A saída de Paulão da Câmara dos Deputados deixa uma pergunta inevitável no cenário político alagoano: cadê Lula?
Durante anos, Paulão foi apresentado como um dos principais nomes do Partido dos Trabalhadores em Alagoas e um dos mais fiéis aliados do presidente Luiz Inácio Lula da Silva no estado. Sempre esteve na linha de frente da defesa do governo federal, das bandeiras do PT e da própria liderança de Lula. Mas, justamente no momento mais delicado de sua trajetória política, o apoio mais esperado simplesmente não apareceu.
A perda do mandato não foi fruto de uma derrota nas urnas em 2022, mas de uma longa disputa judicial que culminou na retotalização dos votos determinada pela Justiça Eleitoral. Ainda assim, chama atenção o silêncio político que cercou todo o processo.
Lula é, sem dúvida, o maior líder do PT. Como presidente da República, exerce forte influência política e institucional dentro do partido. Quando o governo decide priorizar uma pauta ou mobilizar sua articulação, normalmente demonstra capacidade para reunir ministros, parlamentares e dirigentes em torno de um objetivo comum. No caso de Paulão, porém, essa mobilização não ficou evidente.
Não houve manifestações públicas de peso do presidente em defesa do parlamentar. Também não se viu uma ofensiva política nacional do PT capaz de transformar o caso em uma prioridade da legenda. O processo seguiu seu curso, as decisões judiciais foram sendo cumpridas e Paulão acabou deixando a Câmara.
A pergunta, então, ganha força: o PT nacional realmente comprou a briga de Paulão? Ou o deputado acabou enfrentando praticamente sozinho a disputa que definiria sua permanência em Brasília?

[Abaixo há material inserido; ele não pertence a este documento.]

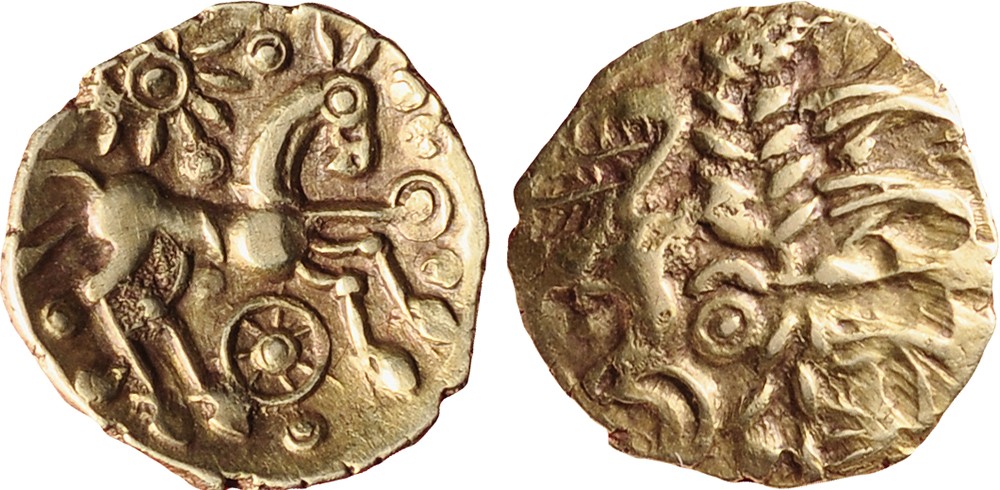 Britain. First century BC. B-type British Remic. Quart stater gold, 1,29 gr. Obv. Portrait Apollo to the right, rev. Celtic horse to the right. Ex. Karel de Geus 20/1112. A.XF.

É importante separar os planos. A decisão que retirou Paulão do mandato foi tomada pela Justiça Eleitoral e precisava ser cumprida pela Câmara dos Deputados. Não caberia ao presidente da República interferir em decisões judiciais. O que está em debate, no entanto, é o peso da articulação política e o respaldo que um aliado histórico esperaria receber de sua própria legenda.
Na política, gestos também comunicam. E, para muitos observadores, o silêncio falou mais alto do que qualquer discurso.
Para um parlamentar que construiu sua carreira sob a identidade petista e sempre esteve entre os defensores mais leais de Lula em Alagoas, o desfecho deixa a impressão de que o principal padrinho político não entrou em campo com a intensidade que muitos imaginavam.
A política costuma ser implacável com aqueles que deixam de ter prioridade. E a história recente de Paulão pode servir como mais um exemplo de que, em Brasília, alianças são tão importantes quanto votos.
No fim, permanece uma pergunta que ecoa nos bastidores da política alagoana:
Cadê Lula, Paulão?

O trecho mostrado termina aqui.